If we are unsure about the future market development, we might as well take another look.

In a bull market, there is actually no problem with a 10% or 20% space fault tolerance rate. Whether it is a left-side layout or a right-side layout, it is both appropriate and timely."

"Okay!" After listening to Xu Xiang's analysis of the market just now, Zhou Kan actually understood the underlying logical issues Xu Xiang mentioned, regarding the so-called market main line switching, as well as in 'big consumption' and 'smart intelligence'.

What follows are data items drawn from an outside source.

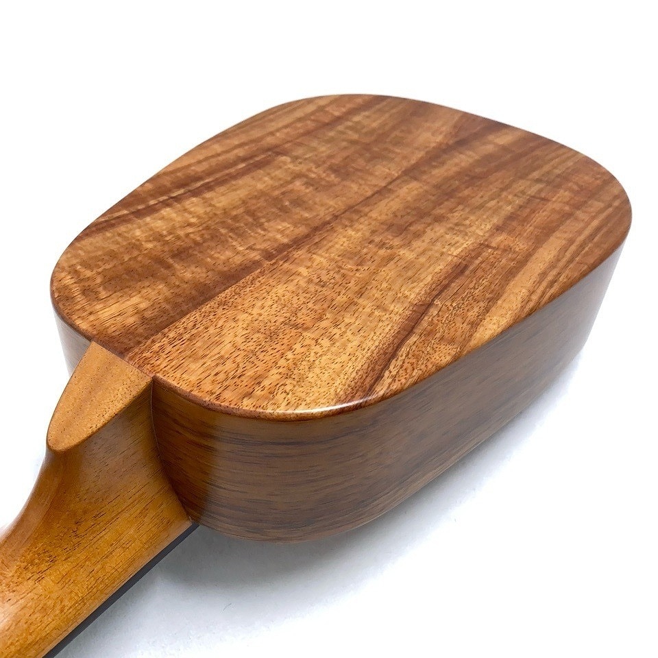 当モデルは"パイナップルシェイプ"であることによる外観の可愛らしさに加え、"ロングネック仕様"でもあることからソプラノモデルよりもフレット数が多く、ハイポジションを多用した幅広い楽曲や、より高い演奏性をお求めの方にオススメな、なかなか優れた1本でもあります。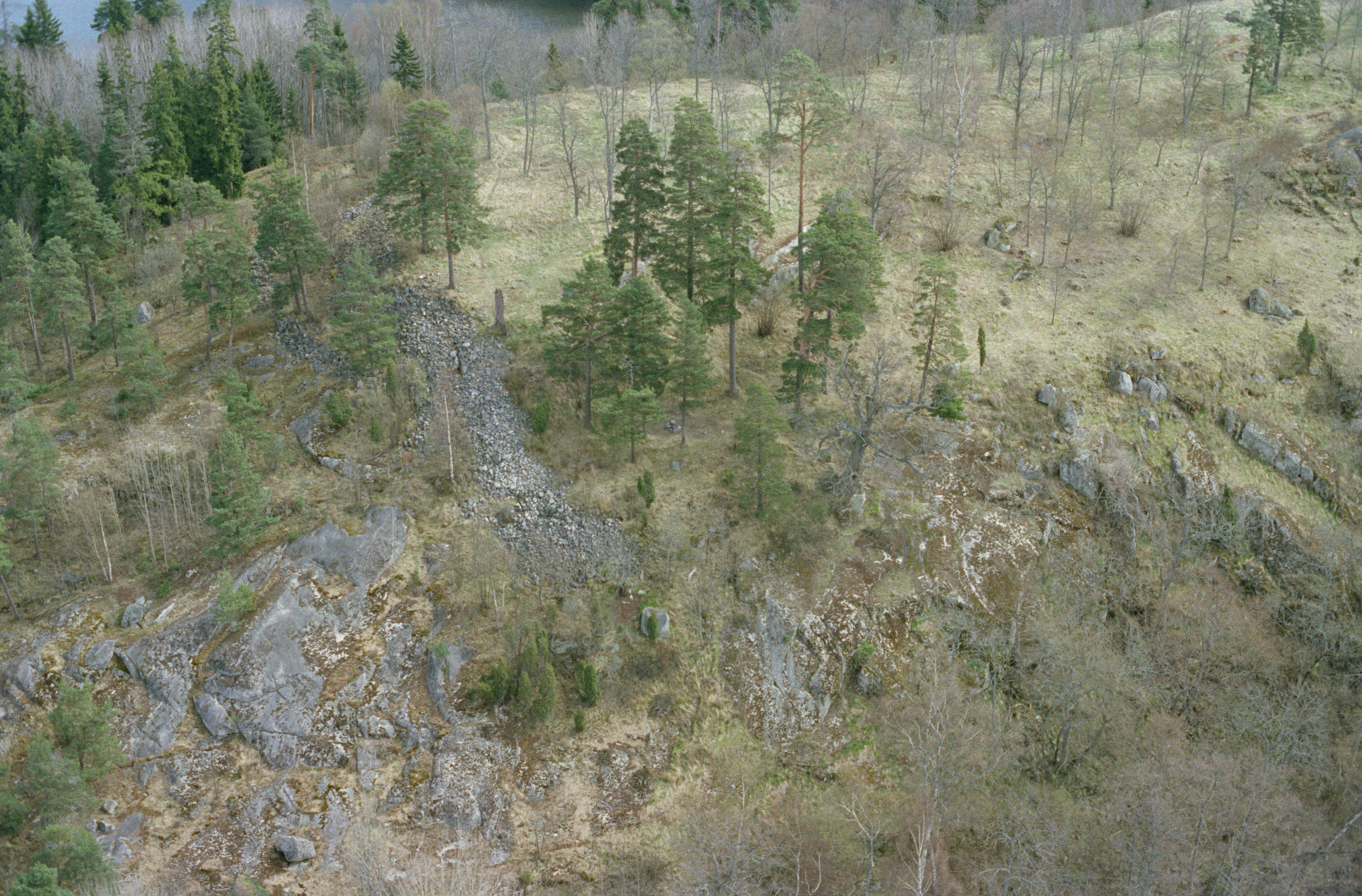 Beskrivning: Runsa fornborg / ?Runsa borg? RAÄnr Ed 2:1. Parti av mur. Bilden är tagen mot (väderstreck): V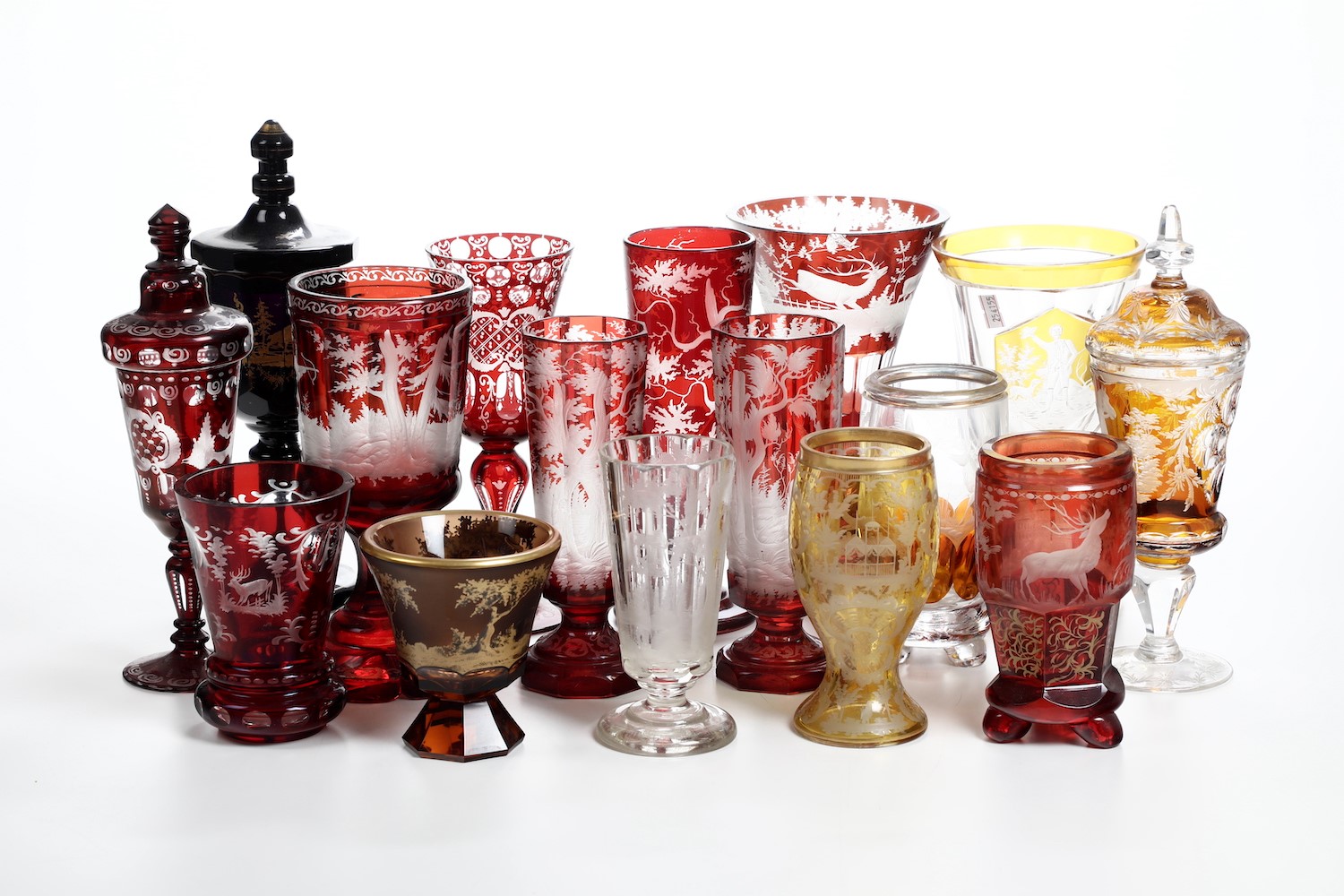 Sedici bicchieri con motivi di cacciagione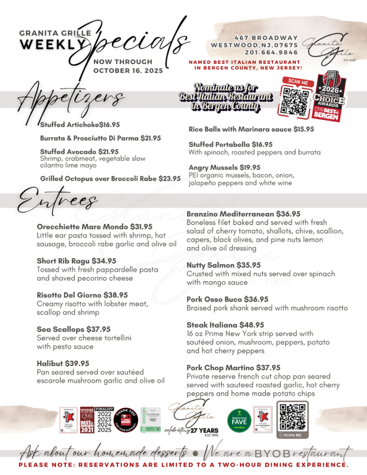 Nominate Granita Grille for Best Italian Restaurant in (201) Magazine’s Best of Bergen 2026!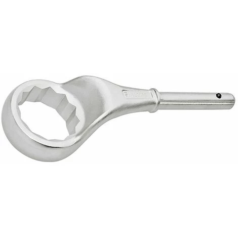 Zugringschlüssel schwere Ausführung • Anwendung: Ringschlüssel für höchste Drehmomente.gesenkgeschmiedetpolierter und gekröpfter Ringzur Verwendung mit Aufsteckrohr Nr. 52052 konzipiert • Vorteil: gesenkgeschmiedeter Stahl mit hoher Materialfestigkeit und geringer RissempfindlichkeitÜbertragung von hohen Drehmomenten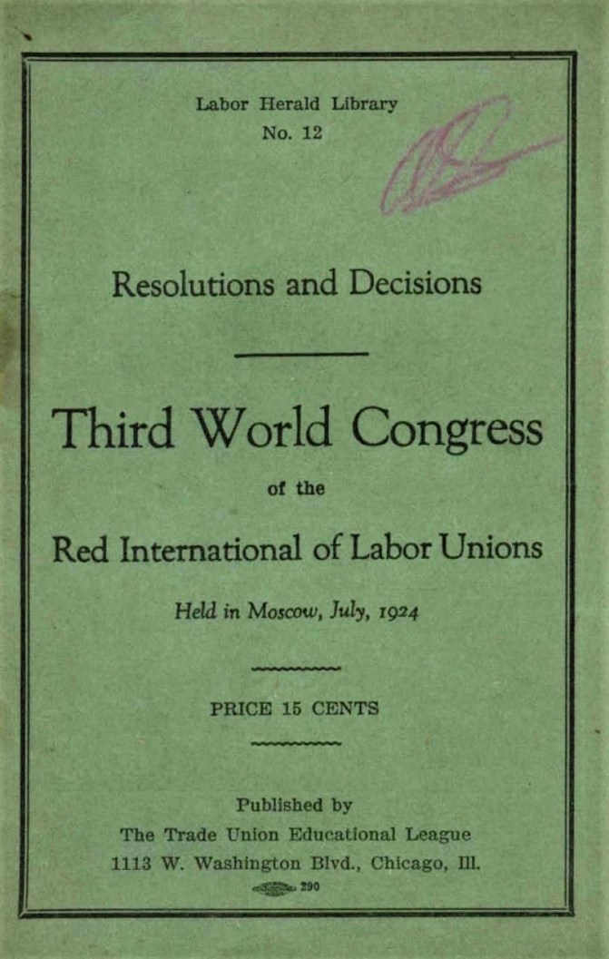 Resolutions and Decisions of the Third World Congress of the Red International of Labor Unions Held in Moscow July, 1924. Labor Herald Library No. 12. Published by the Trade Union Educational League, Chicago. 1924.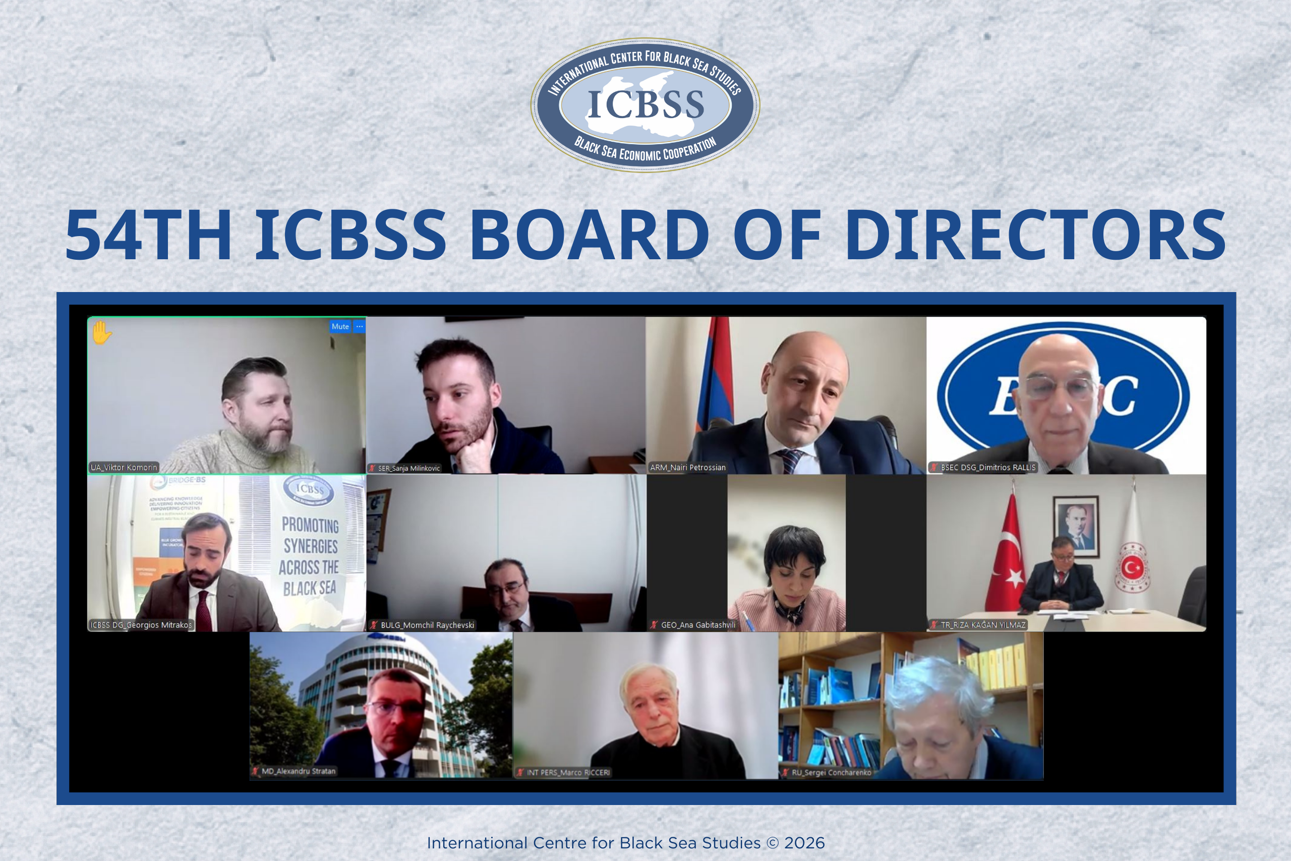 The 54th Meeting of the Board of Directors of the ICBSS was held online, on Tuesday 13 January 2026, under the Chairmanship of Mr. Nairi Petrossian, Permanent Representative of the Republic of Armenia to the BSEC Organization.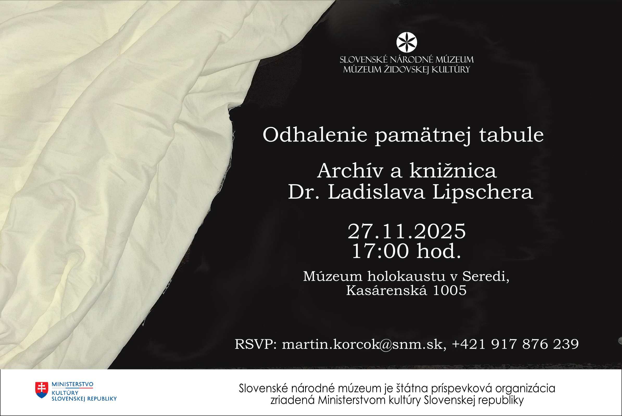 Pozývame Vás na odhalenie pamätnej tabule Dr. Ladislavovi Lipscherovi, ktorého meno budú niesť archív a knižnica SNM-MŽK-Múzea holokaustu v Seredi. Podujatie sa uskutoční dňa 27. novembra 2025 o 17:00 hod. v priestoroch Múzea holokaustu v Seredi.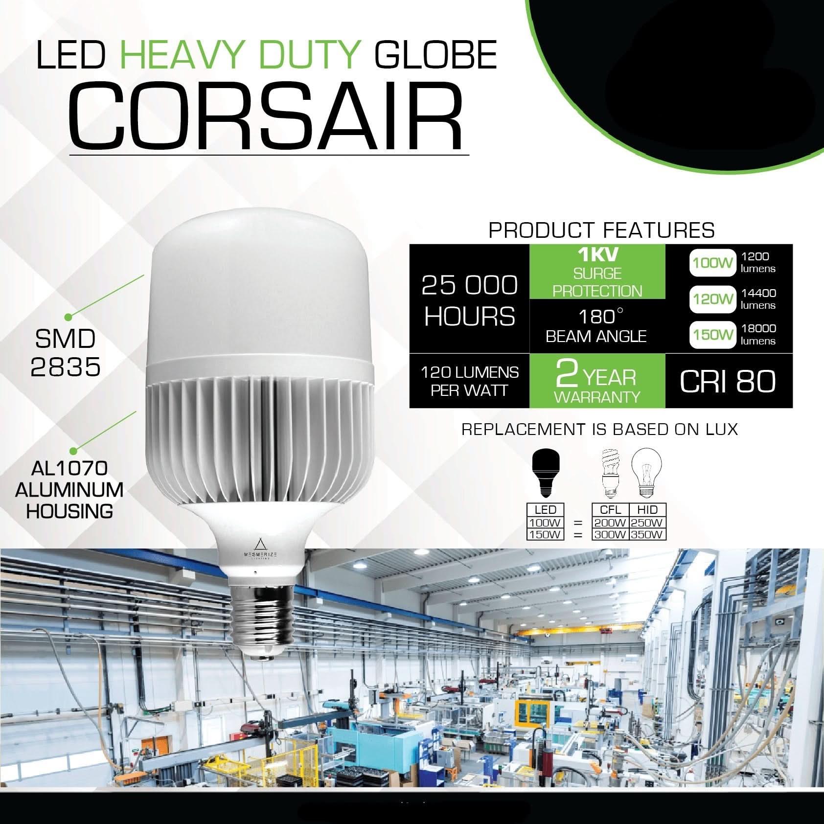 The Corsair is a powerful and reliable HID replacement lamp designed to meet the demands of industrial and commercial spaces. With an E40 base and 5700K colour temperature, it delivers crisp, clear light ideal for high ceilings and wide areas. The built-in aluminium heat sink and advanced thermal design ensure excellent heat dissipation, while the isolated power supply enhances durability and safety.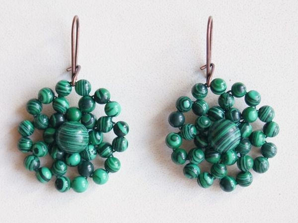 Серьги "Чертополох" Используйте «кирпичик» и «елочка», чтобы создать пару сережек с цветами, навеянными пустыней. Материалы 2 г прозрачных бисерин с бронзовым покрытием 8° (A) 1 г металлических бусин античного золота 8° (B) 2 г прозрачных аметистовых цилиндрических бисерин 8° (C) 2 г коричневых ирисовых бисерин 6° (D) 2 г черных бусин треугольников AB 3 мм с бронзовым отливом (E) 2 медных 13 мм (внешний диаметр)/8 мм (внутренний диаметр) кованых бесшовных плоских кольца 1 пара бронзовых швенз 2 см...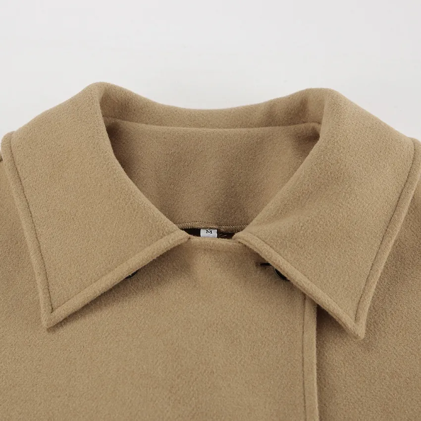 This coat isn't just about looks—it’s also designed for practicality. The relaxed fit allows for layering, so you can wear it over sweaters or heavier tops without feeling restricted. The lapel collar and loose sleeves give it a laid-back, elegant vibe, making it a great option for both workdays and weekends.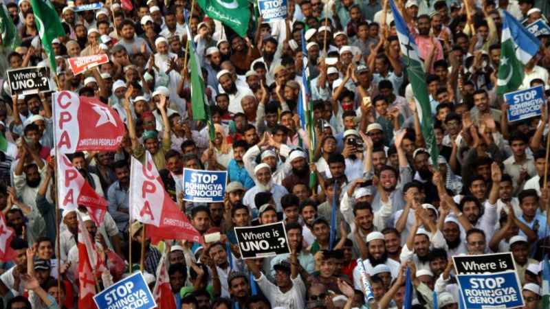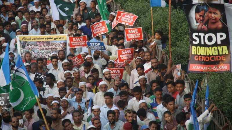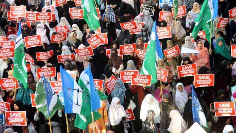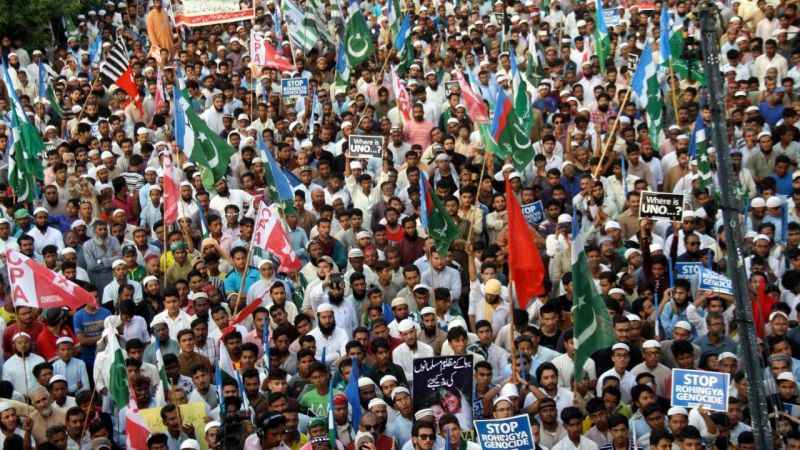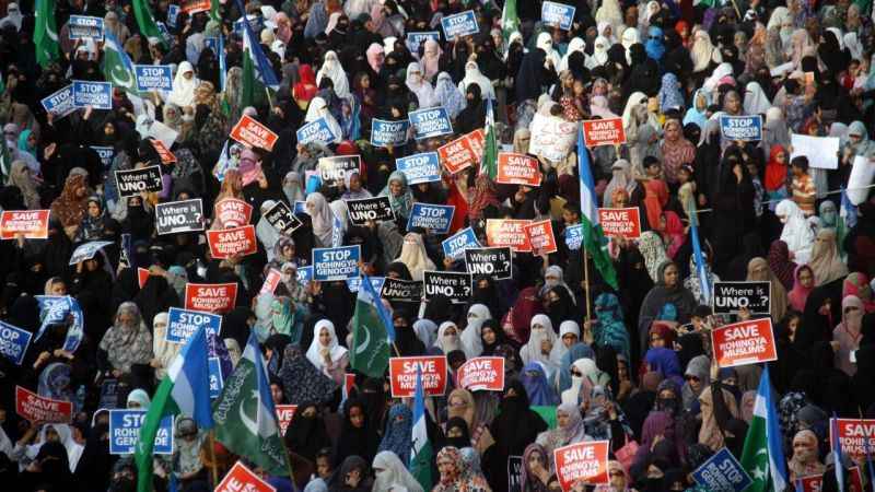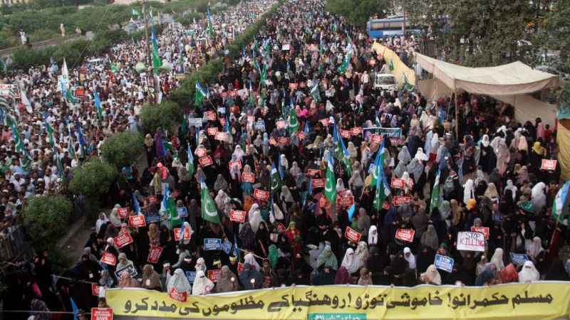 Pakistan'ın Karaçi kentinde bir araya gelen Pakistan İslâmi Cemaat Partisi destekçileri, Myanmar’daki Arakanlı Müslümanları hedef alan şiddet olaylarını protesto etti. 'Rohinga’yı kurtarın' ve 'Rohinga’daki soykırımı durdurun" yazan dövizler açan göstericiler, Arakan’da katledilen Müslümanların fotoğraflarını taşıdı.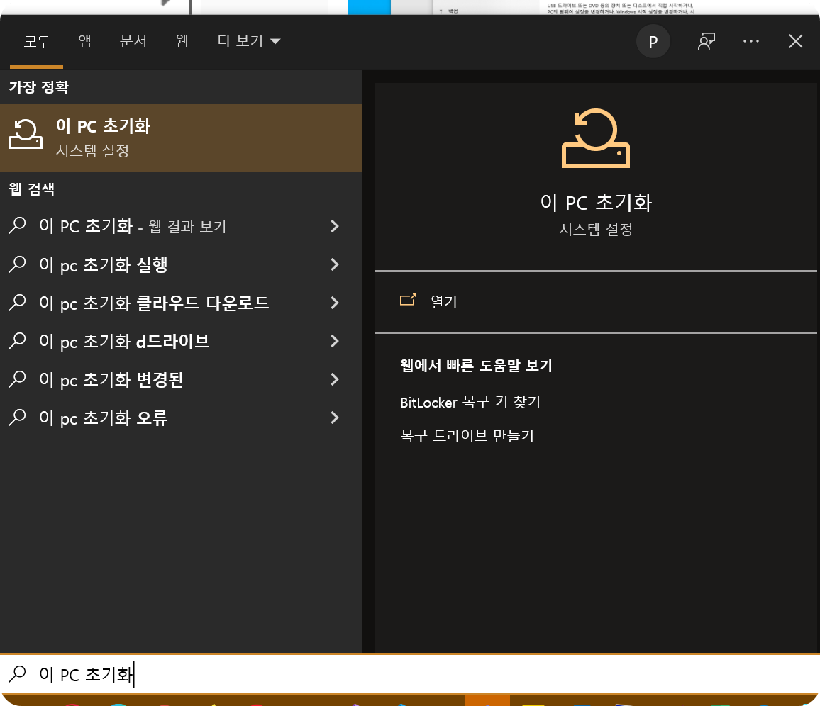위의 영상을 참고해서 윈도우 초기화 하시면 됩니다. 문제는 데이터 백업이 필요한 경우 입니다.

The layout of the main line fields such as the mobile phone industry chain' and 'mobile Internet' is no longer so persistent. He couldn't help but smile and said, "Then let's try to buy some chips in the field of 'film and television media' first. Regarding the layout of other main line fields,

, we are still maintaining the previous strategic plan, maintaining the strategy of watching more and moving less.”

Xu Xiang nodded with a smile and said: "That's right. Just follow what you just said. I haven't seen any clear movement of positions by the main funds of the 'Yu Hang Group', and at the same time, there has been no obvious shrinkage in the market."

When there are signs of the end of the adjustment, we need to maintain a relatively low position, watch more and move less, and wait for changes in the market.

Patience is the most important skill in trading.

We trade in the financial market and want to obtain sufficient profits through the financial market.

Then you must learn to be like a hunter, able to hold a shotgun in the ice and snow and wait motionless for a long time, waiting for the prey to gradually appear within the range of the shotgun. You can neither leave in advance without patience, nor leave before the prey is there.

When he reached the shooting range, he fired randomly to scare away the prey."

"Okay!" Zhou Kan nodded again.

Immediately, according to the strategy plan discussed by the two people just now, relevant trading instructions were issued to the traders behind them.

Then, when the order is issued, it is completed.

When Zhou Kan once again turned his attention back to the trading boards of the two markets.

I saw that the trading time of the two cities at this time has already reached around 10:50, and the major indexes of Shanghai Stock Exchange, Shenzhen Stock Exchange and ChiNext have all exceeded 1% under the continuous rebound trend.

The increase rarely shows a general trend.